**What you need to do**
Below are lines of records; copy exactly those from the one containing "Вътрешна, телевизионна антена" through the one containing "한국관광공사 제공 |", leaving the pictures behind.

**Record excerpts**
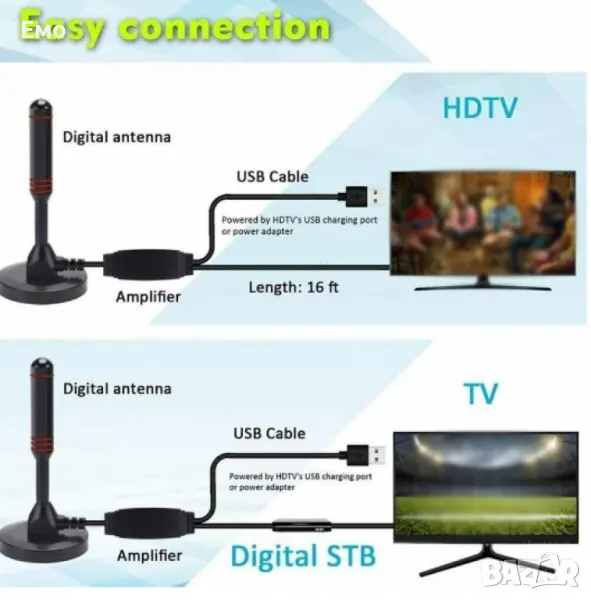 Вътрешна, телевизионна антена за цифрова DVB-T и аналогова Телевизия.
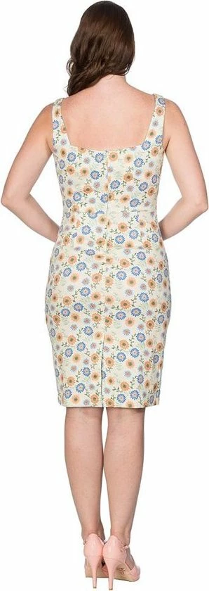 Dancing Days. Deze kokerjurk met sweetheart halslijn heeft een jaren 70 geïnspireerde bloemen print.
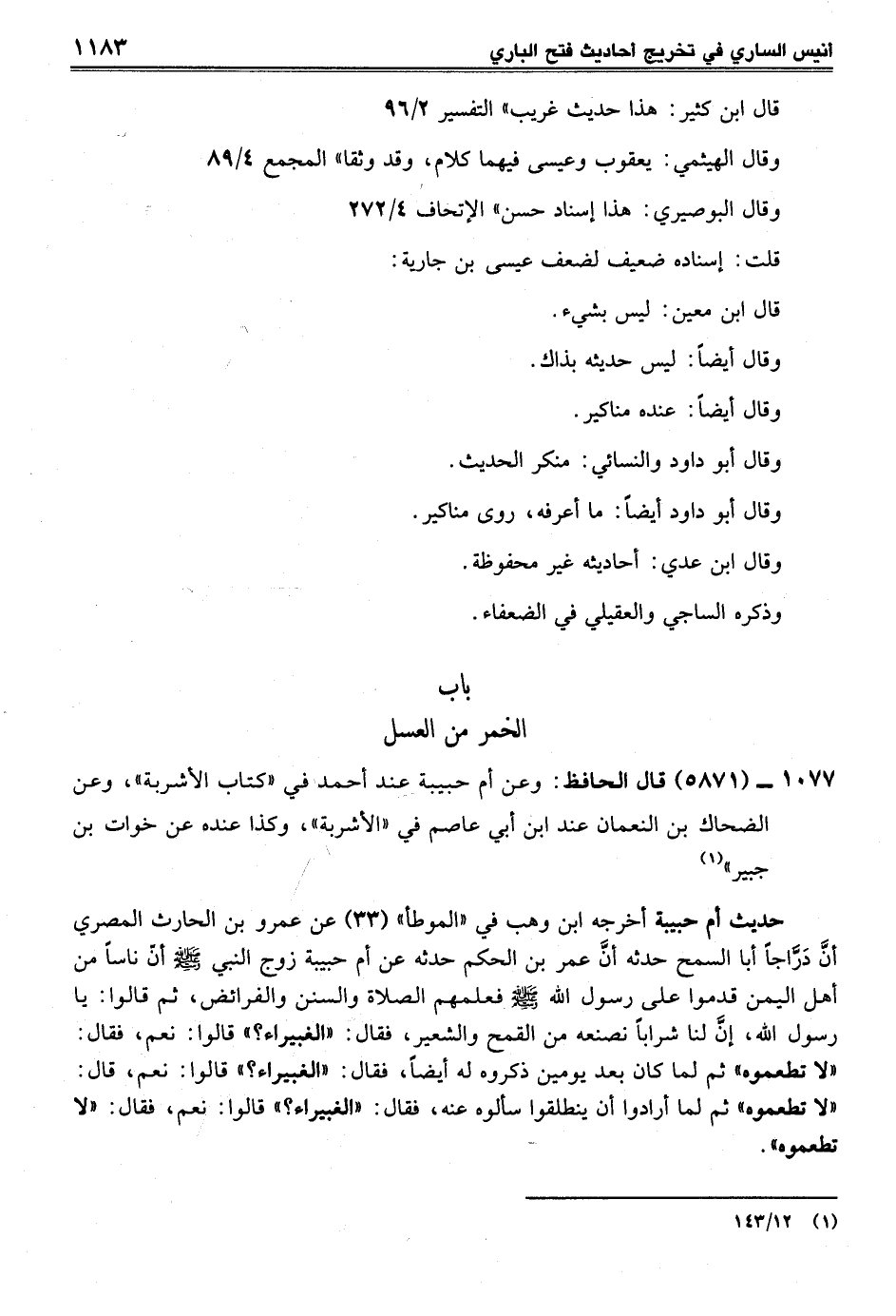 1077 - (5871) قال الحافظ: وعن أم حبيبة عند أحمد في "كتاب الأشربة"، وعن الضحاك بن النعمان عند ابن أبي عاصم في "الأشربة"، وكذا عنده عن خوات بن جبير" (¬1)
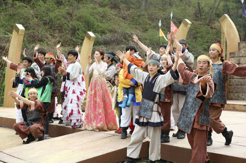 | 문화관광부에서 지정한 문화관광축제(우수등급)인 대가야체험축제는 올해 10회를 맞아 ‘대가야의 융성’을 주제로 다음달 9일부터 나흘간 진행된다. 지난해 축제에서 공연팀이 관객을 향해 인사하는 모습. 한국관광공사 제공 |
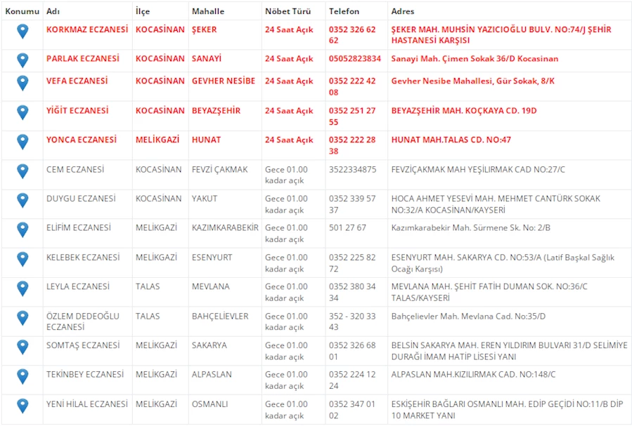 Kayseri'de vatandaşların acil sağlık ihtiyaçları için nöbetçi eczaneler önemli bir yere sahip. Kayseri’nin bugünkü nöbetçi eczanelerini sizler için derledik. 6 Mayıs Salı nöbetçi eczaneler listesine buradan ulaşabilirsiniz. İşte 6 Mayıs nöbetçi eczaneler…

--

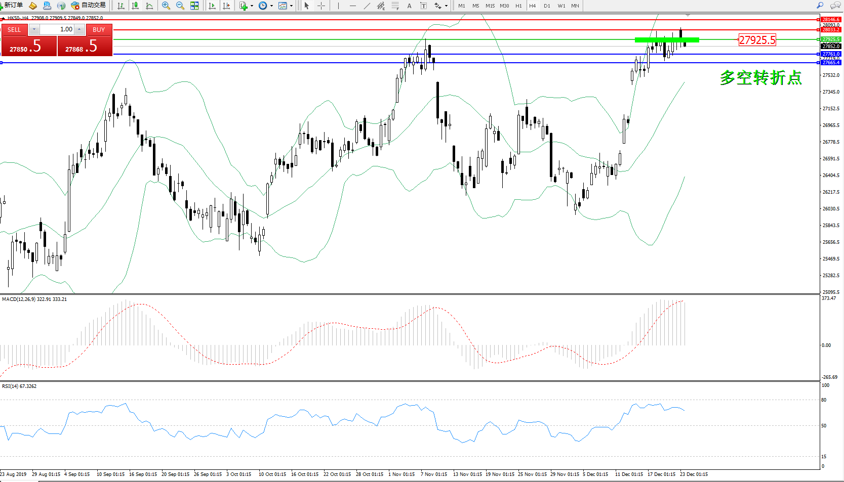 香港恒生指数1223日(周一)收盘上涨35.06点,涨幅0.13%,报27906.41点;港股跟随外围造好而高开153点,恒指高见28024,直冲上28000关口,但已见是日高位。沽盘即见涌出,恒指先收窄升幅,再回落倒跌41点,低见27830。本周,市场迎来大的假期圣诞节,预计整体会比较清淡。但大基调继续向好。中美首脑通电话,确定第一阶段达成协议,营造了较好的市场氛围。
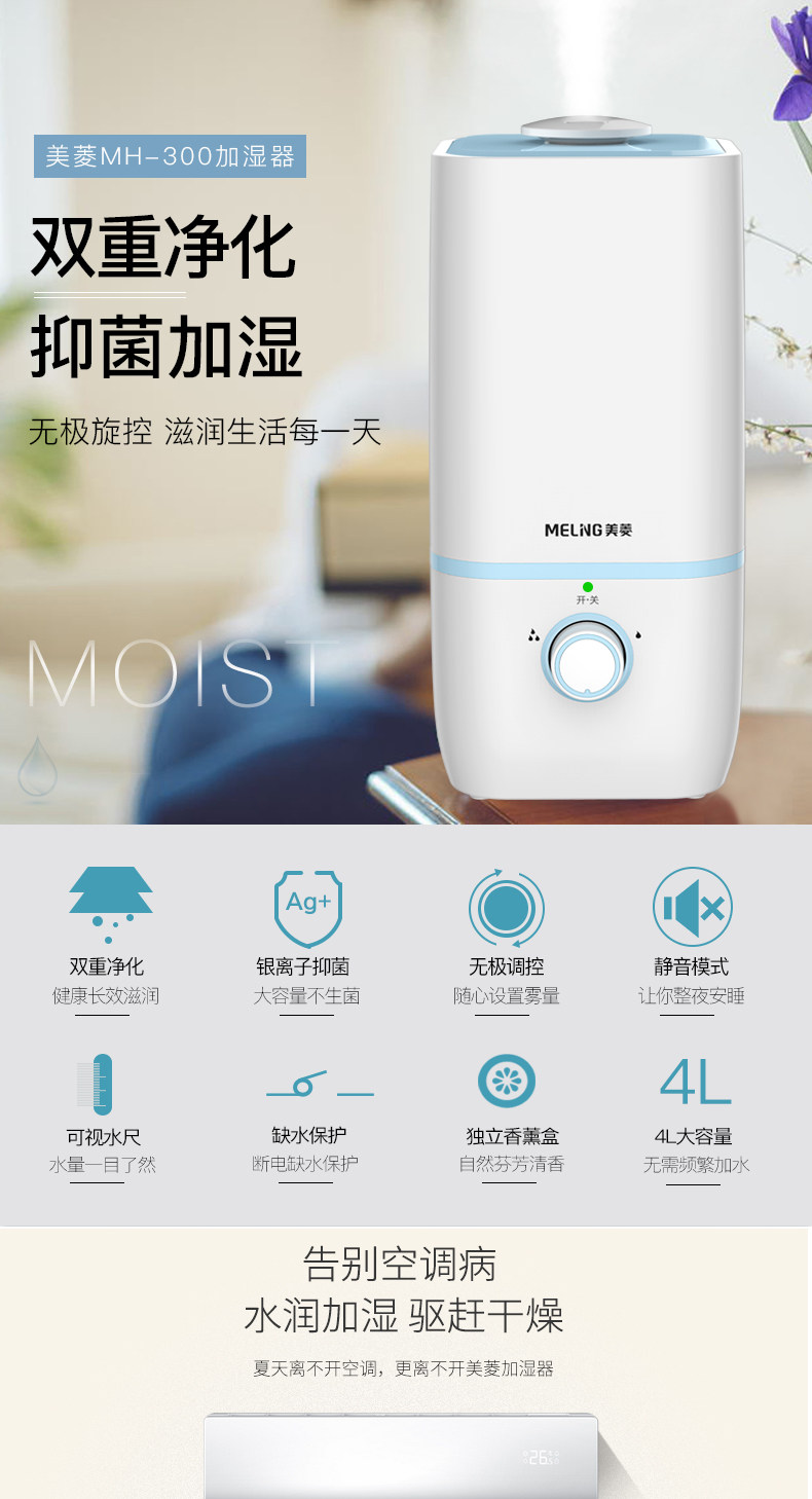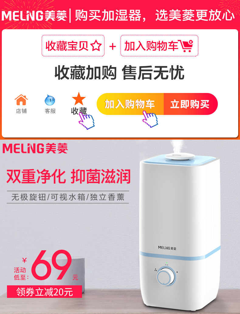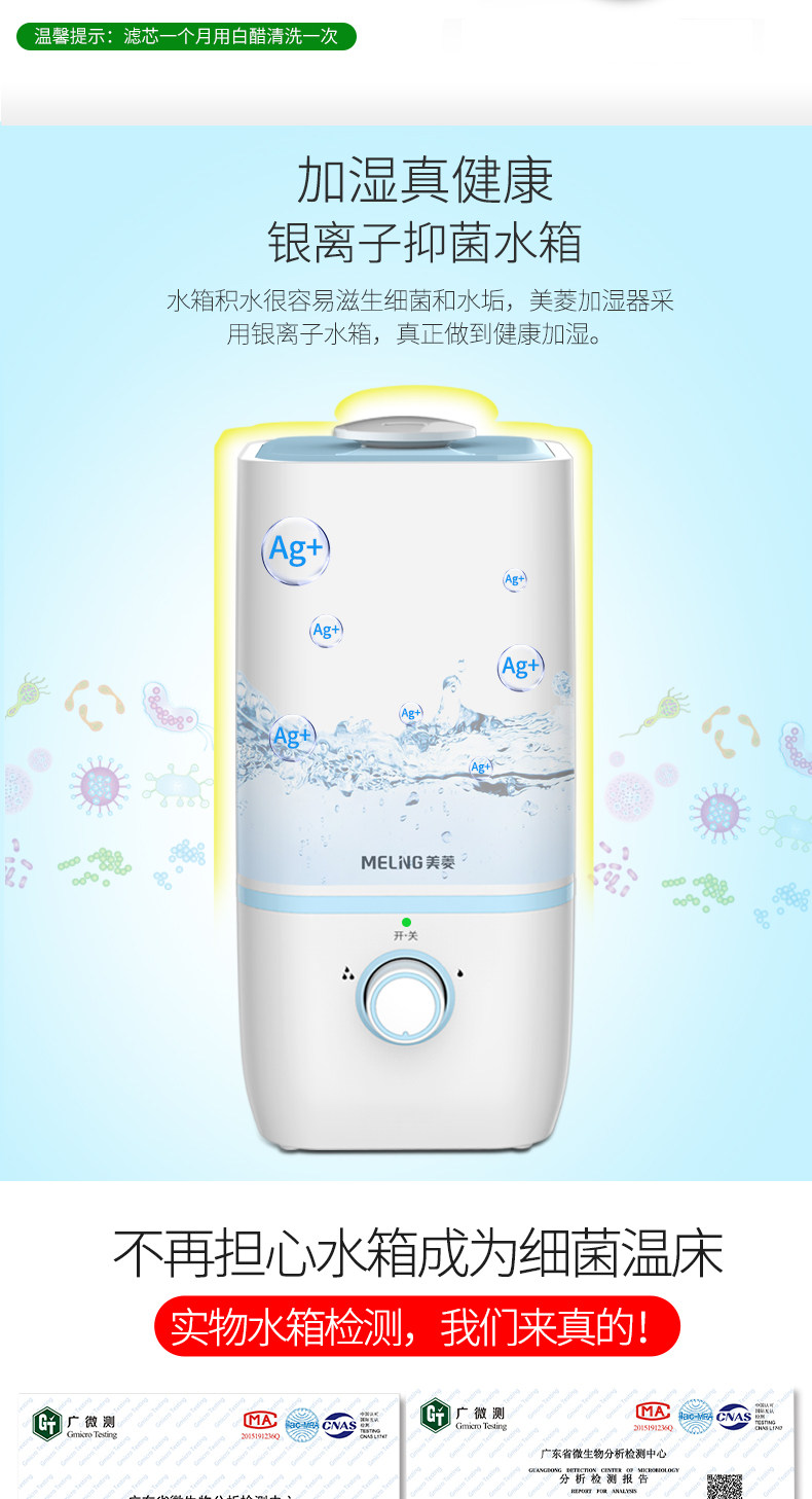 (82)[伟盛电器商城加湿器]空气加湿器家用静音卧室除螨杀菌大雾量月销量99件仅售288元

**Response area**
 Вътрешна, телевизионна антена за цифрова DVB-T и аналогова Телевизия.
 Dancing Days. Deze kokerjurk met sweetheart halslijn heeft een jaren 70 geïnspireerde bloemen print.
 1077 - (5871) قال الحافظ: وعن أم حبيبة عند أحمد في "كتاب الأشربة"، وعن الضحاك بن النعمان عند ابن أبي عاصم في "الأشربة"، وكذا عنده عن خوات بن جبير" (¬1)
 | 문화관광부에서 지정한 문화관광축제(우수등급)인 대가야체험축제는 올해 10회를 맞아 ‘대가야의 융성’을 주제로 다음달 9일부터 나흘간 진행된다. 지난해 축제에서 공연팀이 관객을 향해 인사하는 모습. 한국관광공사 제공 |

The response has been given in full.